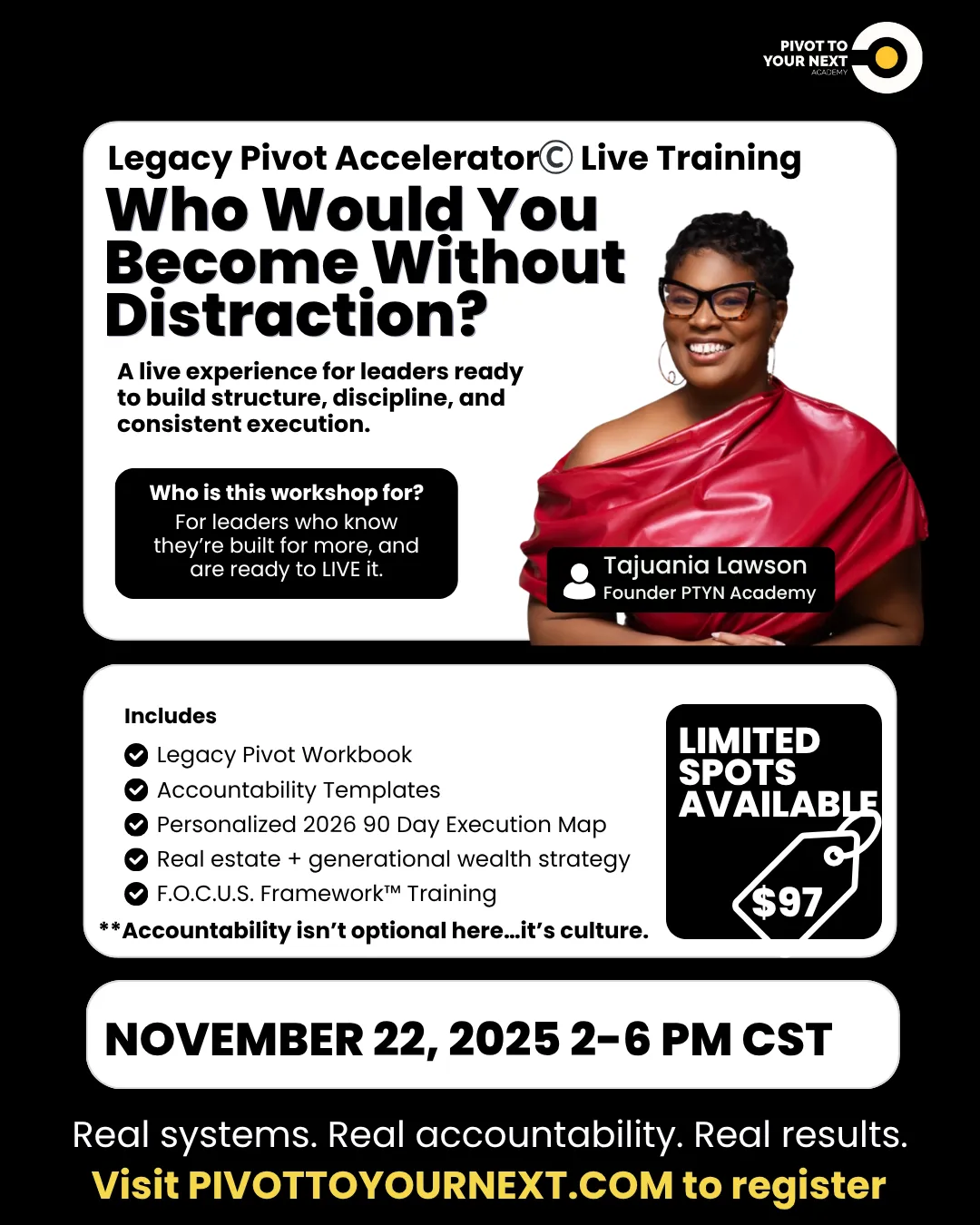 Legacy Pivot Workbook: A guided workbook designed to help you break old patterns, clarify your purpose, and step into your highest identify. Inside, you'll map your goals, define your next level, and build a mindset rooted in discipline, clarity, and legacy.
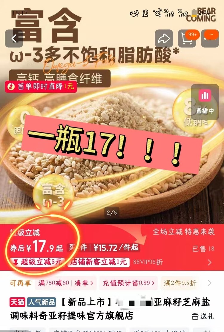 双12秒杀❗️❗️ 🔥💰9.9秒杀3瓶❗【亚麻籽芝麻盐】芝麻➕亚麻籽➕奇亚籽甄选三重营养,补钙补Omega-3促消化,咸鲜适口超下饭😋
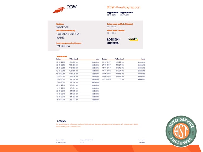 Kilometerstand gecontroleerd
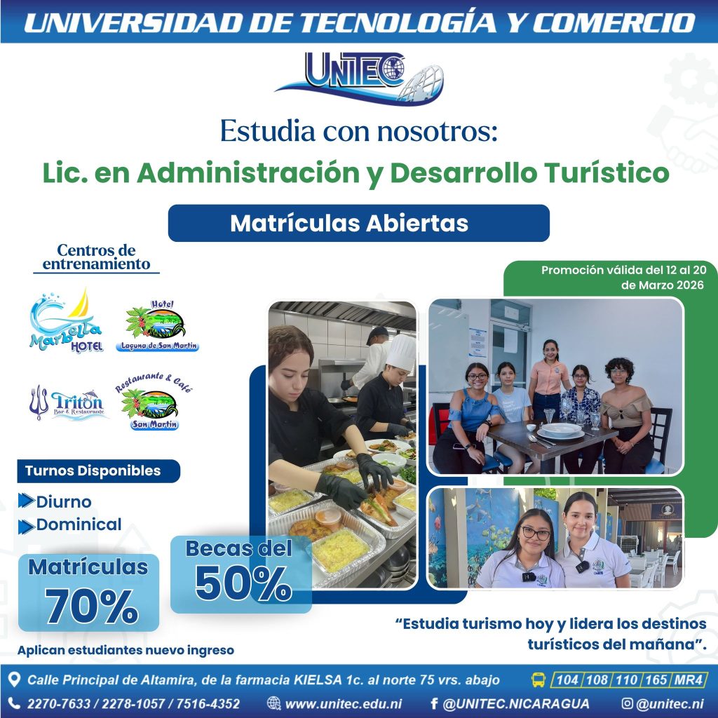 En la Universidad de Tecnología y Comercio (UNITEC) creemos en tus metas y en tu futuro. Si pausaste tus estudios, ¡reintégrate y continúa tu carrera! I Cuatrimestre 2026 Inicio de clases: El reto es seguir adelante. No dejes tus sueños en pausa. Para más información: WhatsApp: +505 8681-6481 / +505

★ ★ ★ ★

### Problem
Restate the material above word for word, omitting the pictures.

### Answer box
 Legacy Pivot Workbook: A guided workbook designed to help you break old patterns, clarify your purpose, and step into your highest identify. Inside, you'll map your goals, define your next level, and build a mindset rooted in discipline, clarity, and legacy.
 双12秒杀❗️❗️ 🔥💰9.9秒杀3瓶❗【亚麻籽芝麻盐】芝麻➕亚麻籽➕奇亚籽甄选三重营养,补钙补Omega-3促消化,咸鲜适口超下饭😋
 Kilometerstand gecontroleerd
 En la Universidad de Tecnología y Comercio (UNITEC) creemos en tus metas y en tu futuro. Si pausaste tus estudios, ¡reintégrate y continúa tu carrera! I Cuatrimestre 2026 Inicio de clases: El reto es seguir adelante. No dejes tus sueños en pausa. Para más información: WhatsApp: +505 8681-6481 / +505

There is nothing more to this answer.